TASK TO COMPLETE:
Within the entries below, please return exactly the lines from the one with "Små forårsruller med" through the one with "- Reinforced stitching", leaving out any pictures.

SOURCE RECORDS:

════════

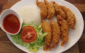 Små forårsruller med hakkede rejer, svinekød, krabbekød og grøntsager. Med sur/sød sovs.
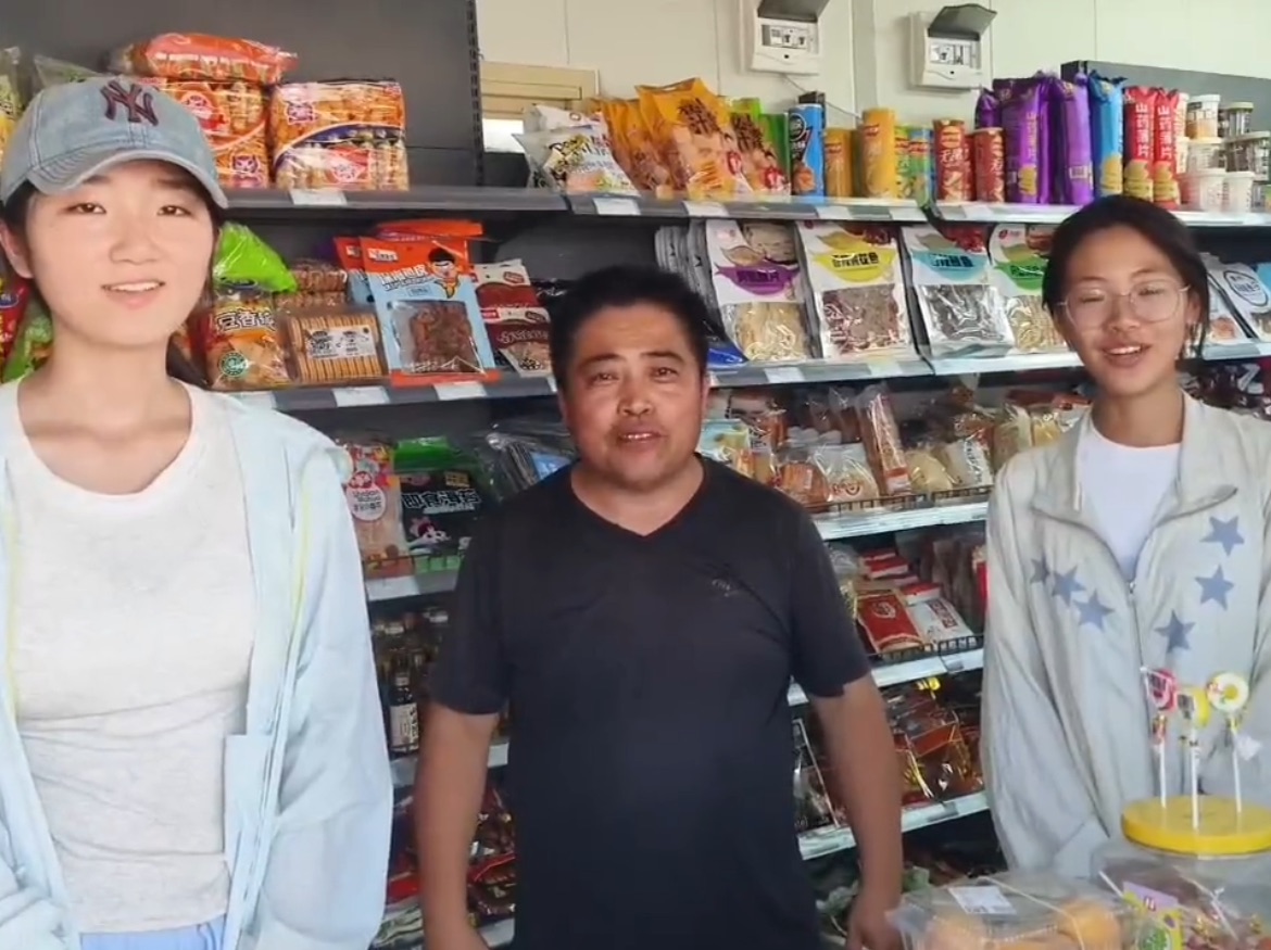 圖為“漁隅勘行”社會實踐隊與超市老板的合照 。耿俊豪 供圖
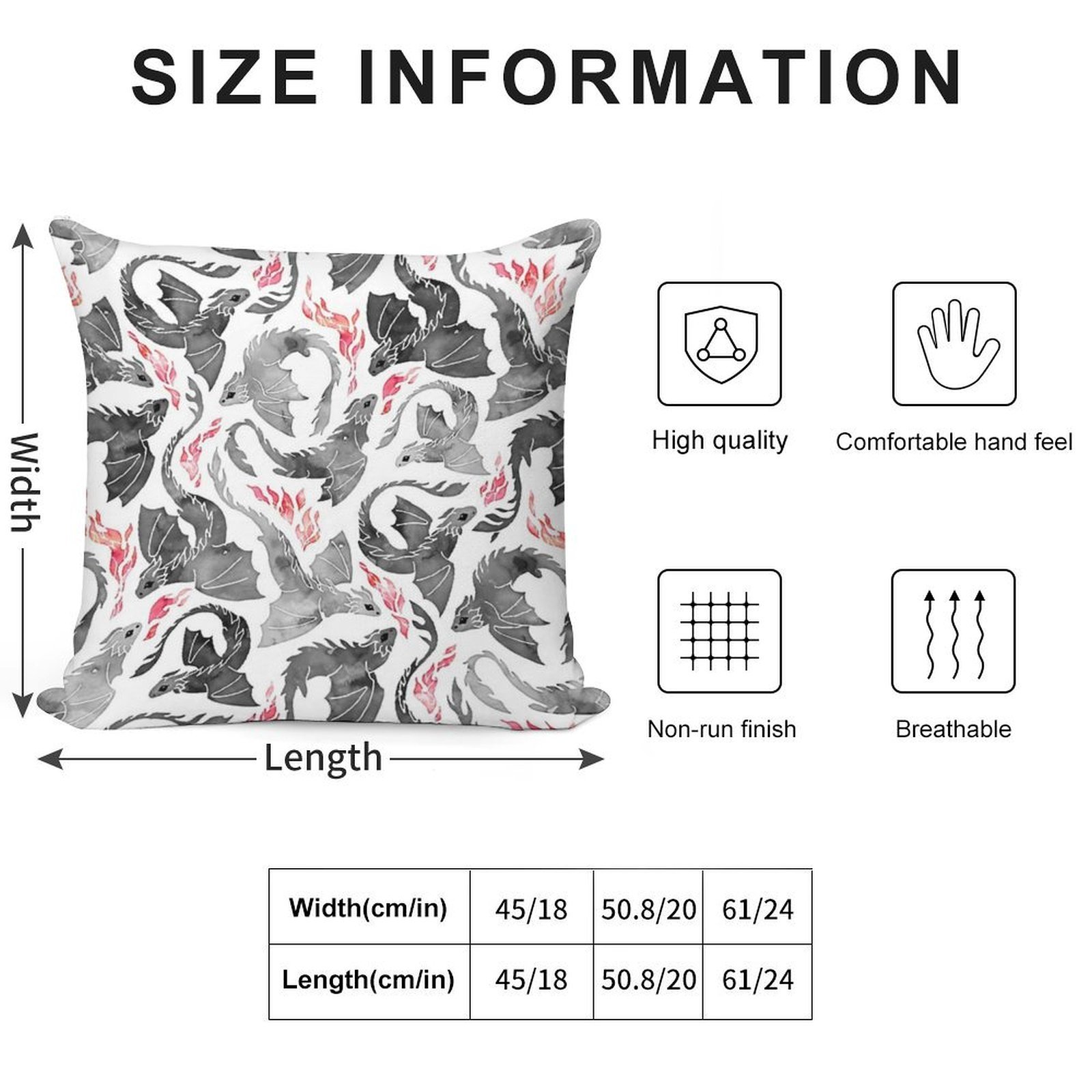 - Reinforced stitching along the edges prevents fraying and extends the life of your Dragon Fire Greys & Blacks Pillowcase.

════════

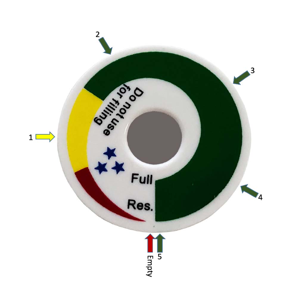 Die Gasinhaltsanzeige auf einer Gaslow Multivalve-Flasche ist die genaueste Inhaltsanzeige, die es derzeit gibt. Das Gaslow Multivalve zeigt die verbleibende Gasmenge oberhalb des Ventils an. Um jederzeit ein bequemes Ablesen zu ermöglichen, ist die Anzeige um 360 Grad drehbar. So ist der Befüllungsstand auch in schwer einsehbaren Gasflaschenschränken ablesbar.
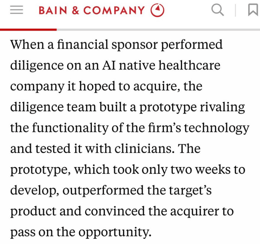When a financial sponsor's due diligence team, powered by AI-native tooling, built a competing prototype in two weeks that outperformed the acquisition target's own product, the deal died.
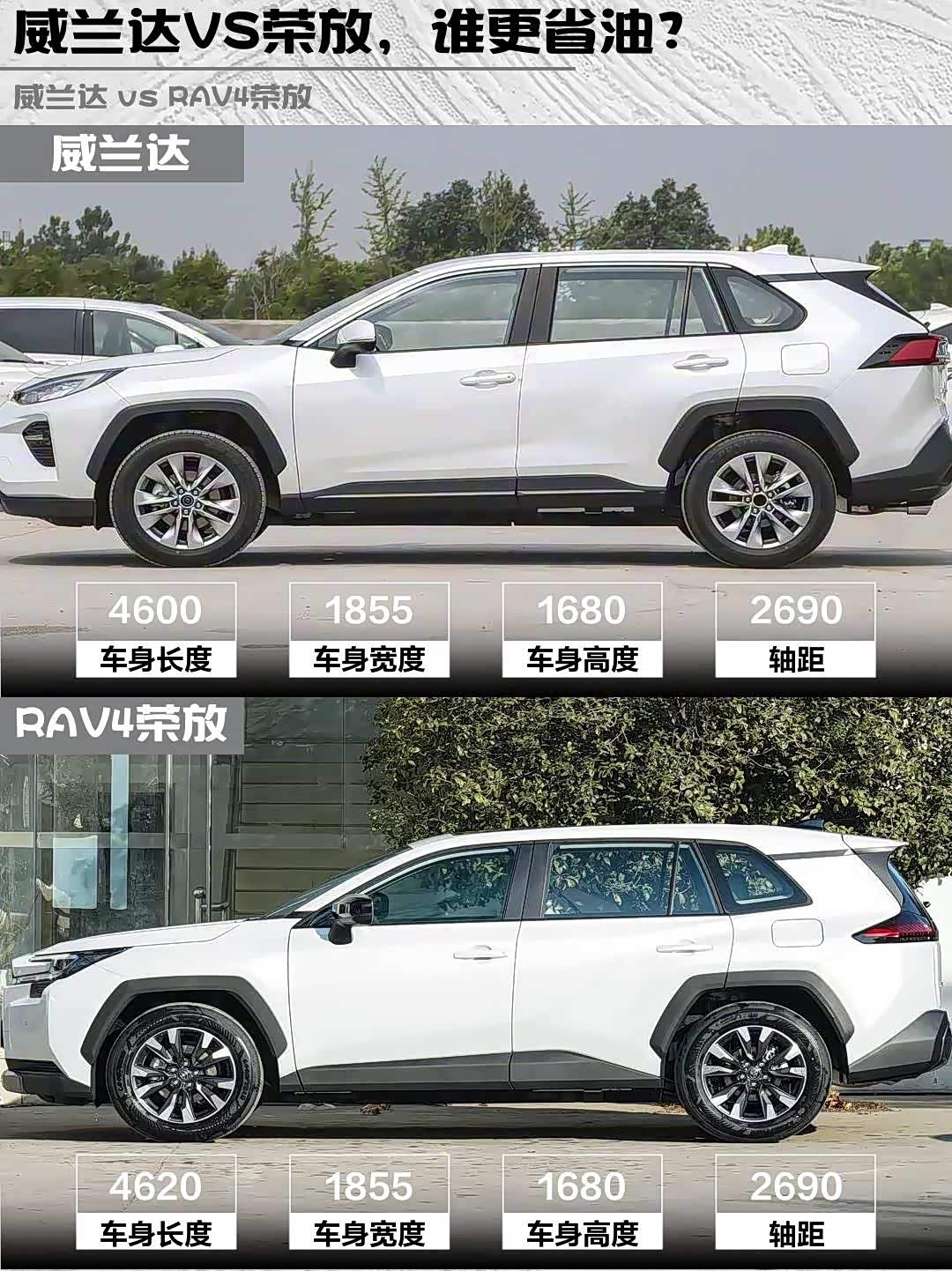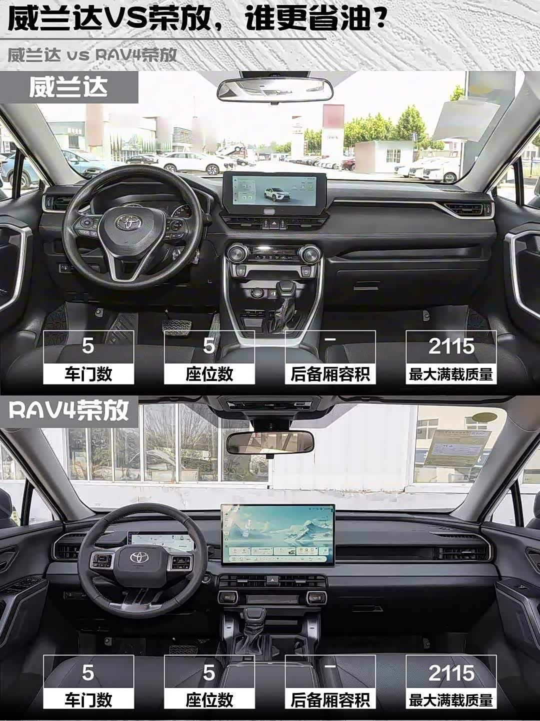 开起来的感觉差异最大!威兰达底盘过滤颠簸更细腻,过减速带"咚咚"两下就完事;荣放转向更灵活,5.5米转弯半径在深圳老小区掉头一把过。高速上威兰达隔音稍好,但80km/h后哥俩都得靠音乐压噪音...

════════

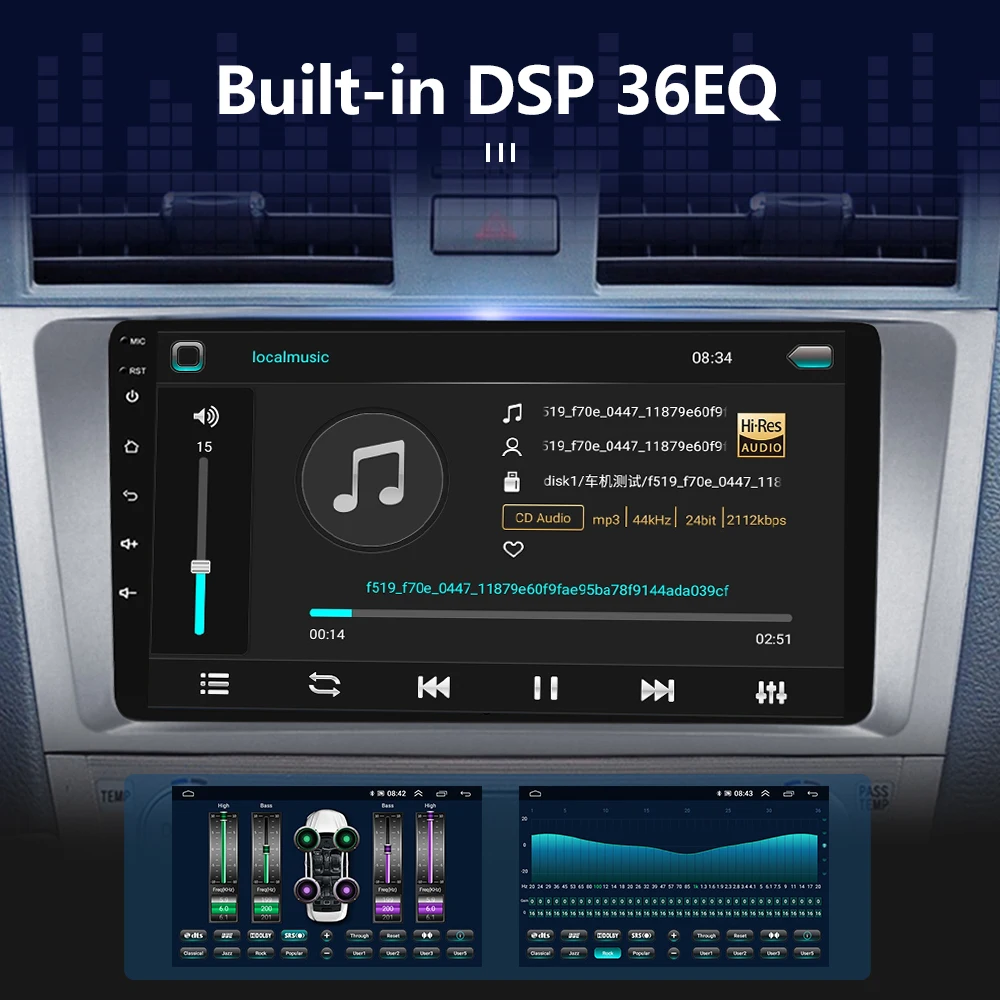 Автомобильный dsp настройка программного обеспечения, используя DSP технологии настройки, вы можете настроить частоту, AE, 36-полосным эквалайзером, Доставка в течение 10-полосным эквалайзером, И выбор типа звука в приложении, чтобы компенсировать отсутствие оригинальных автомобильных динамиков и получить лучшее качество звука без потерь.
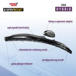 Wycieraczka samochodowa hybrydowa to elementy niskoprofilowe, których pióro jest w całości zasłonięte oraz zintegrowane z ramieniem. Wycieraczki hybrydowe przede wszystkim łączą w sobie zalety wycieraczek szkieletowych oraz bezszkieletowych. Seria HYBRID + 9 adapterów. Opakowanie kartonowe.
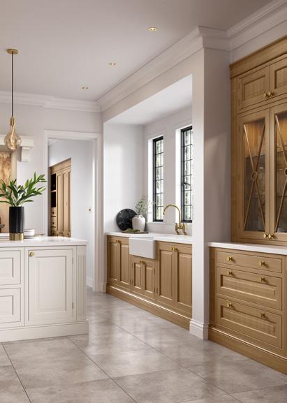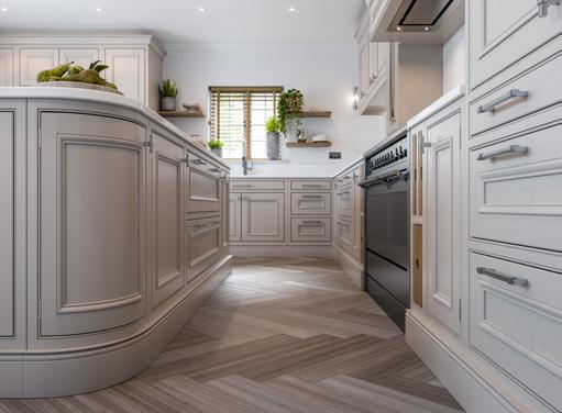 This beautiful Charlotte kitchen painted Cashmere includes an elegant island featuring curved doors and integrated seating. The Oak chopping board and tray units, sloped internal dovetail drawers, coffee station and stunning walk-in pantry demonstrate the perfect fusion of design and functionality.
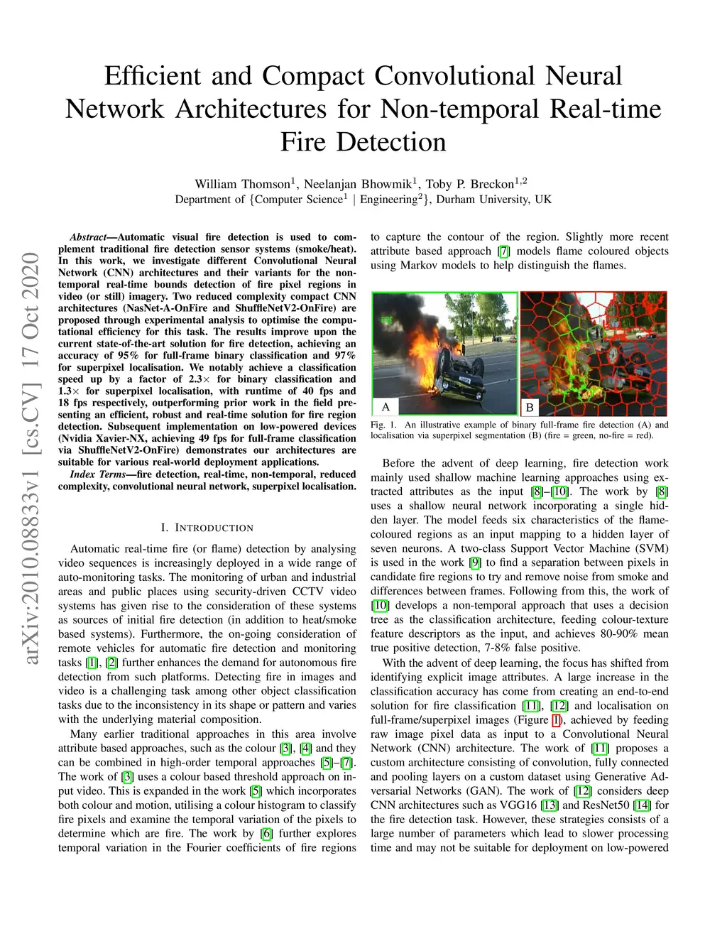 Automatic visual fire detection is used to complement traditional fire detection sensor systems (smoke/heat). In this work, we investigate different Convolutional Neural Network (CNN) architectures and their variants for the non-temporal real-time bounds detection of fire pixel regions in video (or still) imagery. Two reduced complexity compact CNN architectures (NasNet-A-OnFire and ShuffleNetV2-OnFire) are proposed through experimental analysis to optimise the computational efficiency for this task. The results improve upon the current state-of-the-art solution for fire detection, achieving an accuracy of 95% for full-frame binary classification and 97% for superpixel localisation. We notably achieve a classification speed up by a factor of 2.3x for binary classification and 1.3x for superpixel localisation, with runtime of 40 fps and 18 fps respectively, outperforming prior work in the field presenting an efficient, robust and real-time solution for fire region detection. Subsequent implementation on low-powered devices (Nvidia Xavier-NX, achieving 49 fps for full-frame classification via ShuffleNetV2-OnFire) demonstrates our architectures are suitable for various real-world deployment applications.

════════

TASK RESULT:
 Små forårsruller med hakkede rejer, svinekød, krabbekød og grøntsager. Med sur/sød sovs.
 圖為“漁隅勘行”社會實踐隊與超市老板的合照 。耿俊豪 供圖
 - Reinforced stitching along the edges prevents fraying and extends the life of your Dragon Fire Greys & Blacks Pillowcase.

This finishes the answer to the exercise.